Por más tiempo que lleve andando por el monte espeso, no he logrado dar con
una sola idea que me ayude a hilar lo que el recuerdo o la imaginación (ya no sé bien
diferenciar una de la otra) arrojan sobre mí para que le dé forma a lo que fue y ha sido mi
primer sentido de cuidado, los primeros palos que me brindaron esa sensación.
Anoche, por darle un ejemplo, volví a respirar aquel vapor caliente, ¡calientisimo!
Ese que tantas veces me hizo ahogar. Obligándome (a las malas, muchas veces) a
agachar la cabeza, respirar profundo y despacito de pabajo hasta tocar la tierra del suelo.
Recuerdo ver en las paredes y en el suelo un montón de manojos de plantas, enrolladas,
amarradas, estiradas, colgando. Siempre me dijeron que cuando volviera y estuviera más
crecidita y alentada me tocaría a mi ser la que toca el tambor mientras hierven en la
palangana de barro las plantas que habría de cuidar para el bienestar de todos los que allí
vivíamos acurrucados. Pero esto sólo fue anoche.
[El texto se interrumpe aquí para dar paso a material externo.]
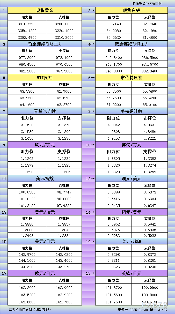 嘉盛外汇官网:4月28日亚市更新支撑阻力:18品种支撑阻力(金银铂钯原油天然气铜

Hace no muchas lunas, me dolia como de costumbre. Entré en ese estado que
tanto anhelo cuando me estoy derritiendo. El tiempo se había dilatado haciendome sentir
que nuevamente era una niña, aunque anciana mi cabello me pintaba. Me tumbé en esa
masa amarilla clara, amarilla como el peto del maiz que la abuela muele las madrugadas
de Domingo. Me comenzaron a envolver fuerte, ¡pero bien fuerte! Hasta que ya no podia
respirar bien, mi aliento comenzó a ser frio y empezé a pintar rojo. Me sentia como un
trapo mojado. Me decian que eso me haría cuajar los pensamientos que me estaban
haciendo sangrar mal. Allí me sentí en cuidado, si, como si fuese algo de lo que puedo
entrar y salir. En un estado que está en el limite de cosas que aun no sé definir bien, pero
se me han insinuado.
Esto ha pasado en lugares que no sabría definir concretamente más allá de
describir lo que veia y sentía. Asi es la casa, un estado, el cuidado. Mi primera casa es
entonces, muchos seres, fisicos y no fisicos. Nunca se sienten de la misma forma, cuidan
de mi y cuido de ellos. Es un tire y hale mutuo. Sabemos que no dependemos de la
precencia del otro pero mientras se pueda, la casa va estar ocupada, llena, acompañada.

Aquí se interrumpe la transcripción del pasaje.